We can easily isolate this pattern and create a pre-fetch
function:
(defn pre-fetch
"Returns a semi-lazy sequence consisting of the result of applying
`f` to items of `coll`. It is semi-lazy as it will attempt to keep
always `n` items in a buffer + 1 item in flight.
Useful to minimize the waiting time of a consumer."
[n f coll]
(->> coll
(map (fn [i] (future (f i))))
(seque n)
(map deref)))
and then use it as:
(->> (my-lazy-seq)
(pre-fetch 5 load)
(map process)
(take 10)
(doall))
What about pmap
?
pmap
has a similar behaviour but
you can’t control how many items are realized. It depends on the number of CPU
cores in available in the runtime machine.
pmap
always uses (+ 2 (.. Runtime getRuntime availableProcessors))
threads.
(->> (my-lazy-seq)
(pmap load)
(map process)
(take 10)
(doall))
;; Loading: 0
;; Loading: 1
;; Loading: 2
;; Loading: 4
;; Loading: 8
;; Loading: 3
;; Loading: 9
;; Loading: 7
;; Loading: 6
;; Loading: 5
;; Loading: 12
;; Loading: 11
;; Loading: 10
;; Processing: 0
;; Processing: 1
;; Loading: 13
;; Loading: 14
;; Processing: 2
;; Processing: 3
;; Loading: 15
;; Processing: 4
;; Loading: 16
;; Processing: 5
;; Loading: 17
;; Processing: 6
;; Loading: 18
;; Processing: 7
;; Loading: 19
;; Processing: 8
;; Loading: 20
;; Processing: 9
;; Loading: 21
;; => (0 1 2 3 4 5 6 7 8 9)
My laptop has 10 CPU cores so the load
ran on 12 items.
Conclusions
Throughout this post, we’ve delved into various types of lazy sequences and examined their influence on the execution of mapping functions. We explored three distinct categories of lazy sequences:
- The “truly” lazy sequences, which realize items individually as they are requested.
- The chunked sequences, which process multiple items simultaneously.
- The buffered sequences, which consistently maintain a reservoir of realized items, ready for consumption.
The salient distinction between chunked and buffered sequences lies in their approach to realization.
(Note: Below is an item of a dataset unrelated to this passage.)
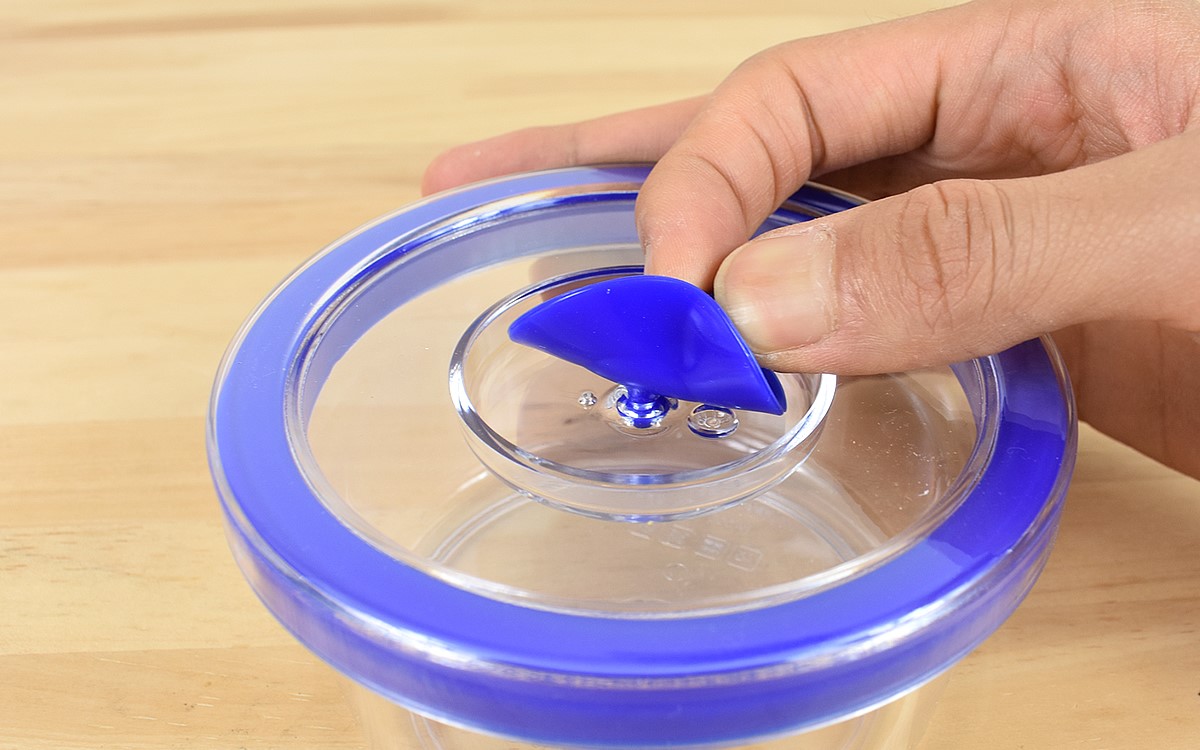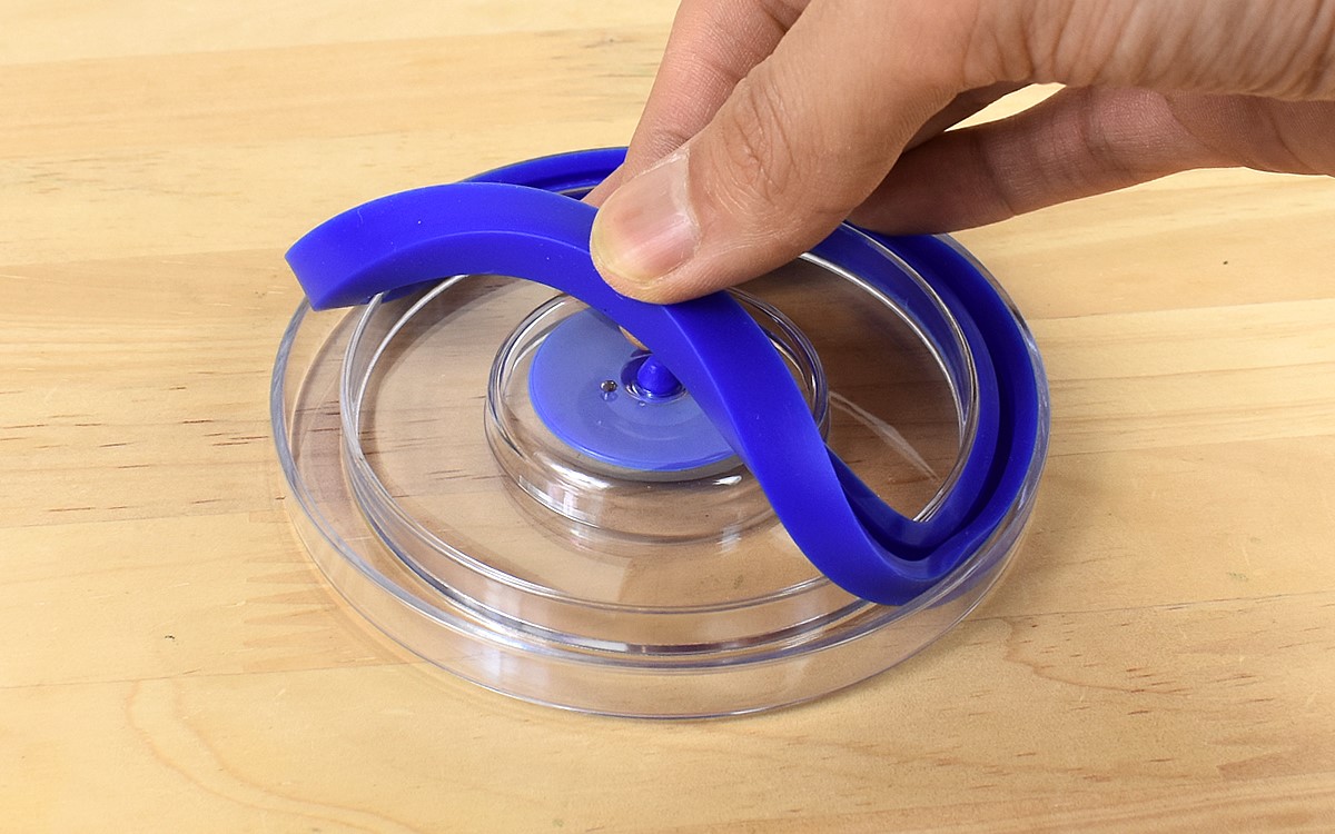 容器が真空状態になったことで、本体とフタがぴたりと密着。どれだけ指でこじ開けようとしても、ビクともしない密閉ぶりに驚かされたほどです。「ガチガチに閉まって開けられるの?」と疑問に感じるかもしれませんが、もちろん心配ご無用。本体中央のゴムをつまみ上げると空気が流入し、簡単にフタを開けることができました。ちなみにフタのパッキンは取り外すことができるので、いつでも容器を清潔に使用できますよ。

While chunked sequences await a consumer’s request for an item, buffered sequences take a proactive stance, anticipating the need and realizing a batch of items from the preceding sequence.
Each of these types occupies its unique niche and finds relevance in various applications. It rests upon us, the developers, to judiciously select the most fitting type tailored to the specific challenges we encounter.